The Sonoma County Board of Supervisors is today engaged in a daylong housing workshop as part of its Tuesday meeting. The upshot: Lots of input from housing stakeholders around the county and the region about how to deal with a housing crisis that pre-dated the October fires and just got a lot more severe, given the loss of some 5,000 homes to the flames. There’s lots of talk about resiliency and building 30,000 new homes, and pushing the wine and hospitality industry to provide more worker housing.
That’s the open session part of the meeting. The closed session itinerary jumped out from the supers’ agenda, as the board planned to huddle with lawyers in a conference this afternoon to discuss the ongoing federal civil lawsuit against the county and one of its sheriff’s deputies that was brought about by the 2013 death of Andy Lopez. That didn’t happen.
Despite appearing as an agenda item on the supers’ schedule today, the closed session meeting was abruptly canceled, with apologies offered by Supervisor James Gore to people who’d shown up to provide public comments. In attendance Tuesday were numerous police accountability activists, including Frank Saiz. The speakers noted that the millions of dollars spent by the county could have been better spent dealing with a housing crisis that pre-dated both the October fires and Lopez’ death.
The supers will meet with the lawyers to talk about the Lopez case next week, says Gore.
The news insofar as the lawsuit is concerned is that that the county has lost all of its legal battles to date in federal court. County-paid attorneys tried to argue that the shooting of Lopez was justified—and tried to get the case thrown out of the U.S. District Court in Oakland based on that assertion. They lost. The case then headed to Pasadena and the United States Court of Appeals for the Ninth Circuit, where a three-judge panel ruled that there were disputed facts at issue in the shooting best left to a jury to sort out—which sent the case back to the District Court for trial.

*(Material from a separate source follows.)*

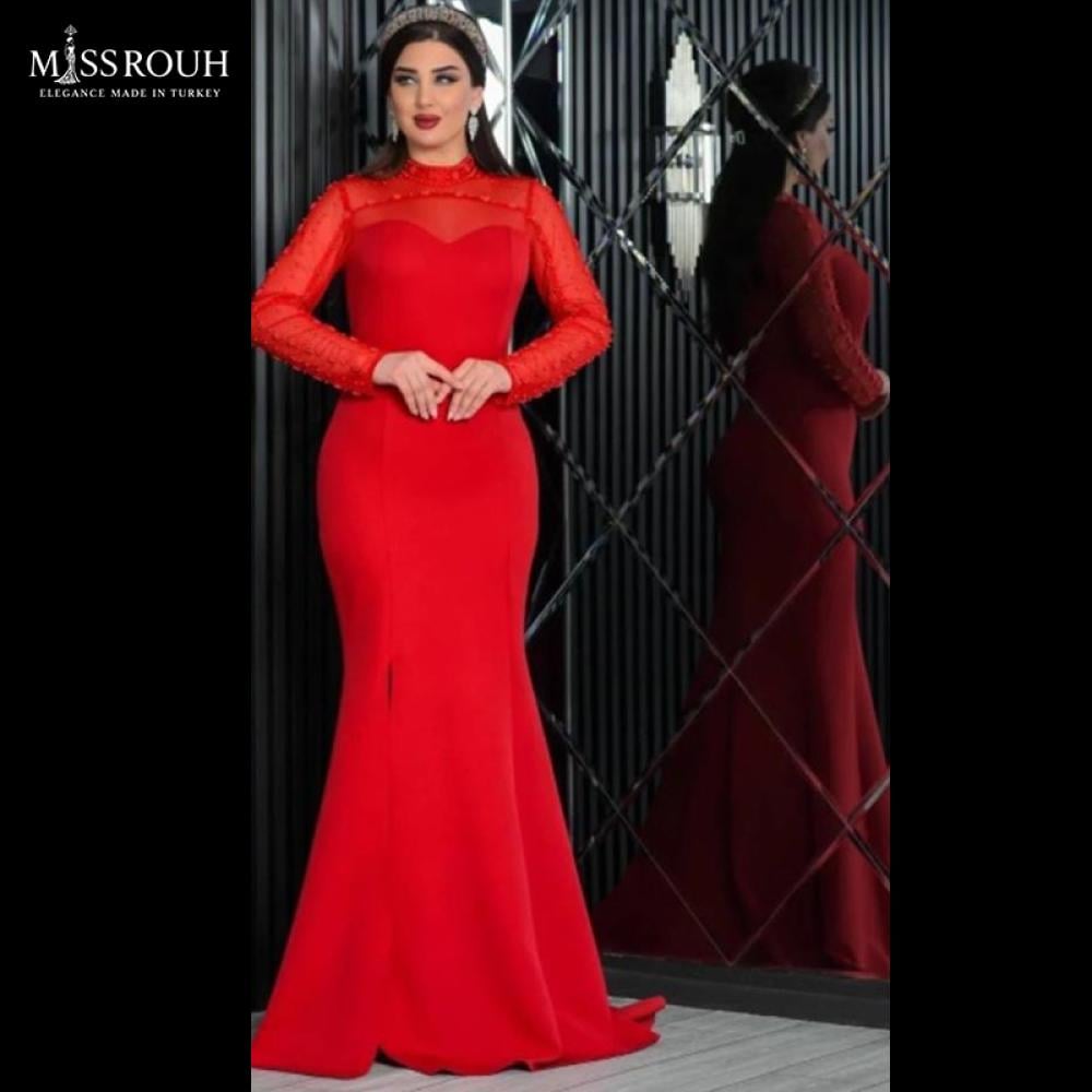 يتميّز بجزء علوي شفاف من التول المطرز يدويًا بحبّات لؤلؤ صغيرة، وأكمام طويلة أنيقة. قصة الخصر الضيقة والفتحة الأمامية الخفيفة تعزز رشاقة القوام وتعطيكِ حضورًا ملكيًا بكل المقاييس.

Then, the county did not prevail in an attempt to appeal that 2-1 decision in late December when the Ninth shot down a request to have an “en banc” re-hearing of the case, before 11 judges instead of three. Now the county is faced with three choices: Appeal to the Supreme Court, take its chances before a jury, or settle the case and pay off the Lopez family for their loss. The clear and impassioned dictate from public speakers today was option three. It remains to be seen which option the supers prefer.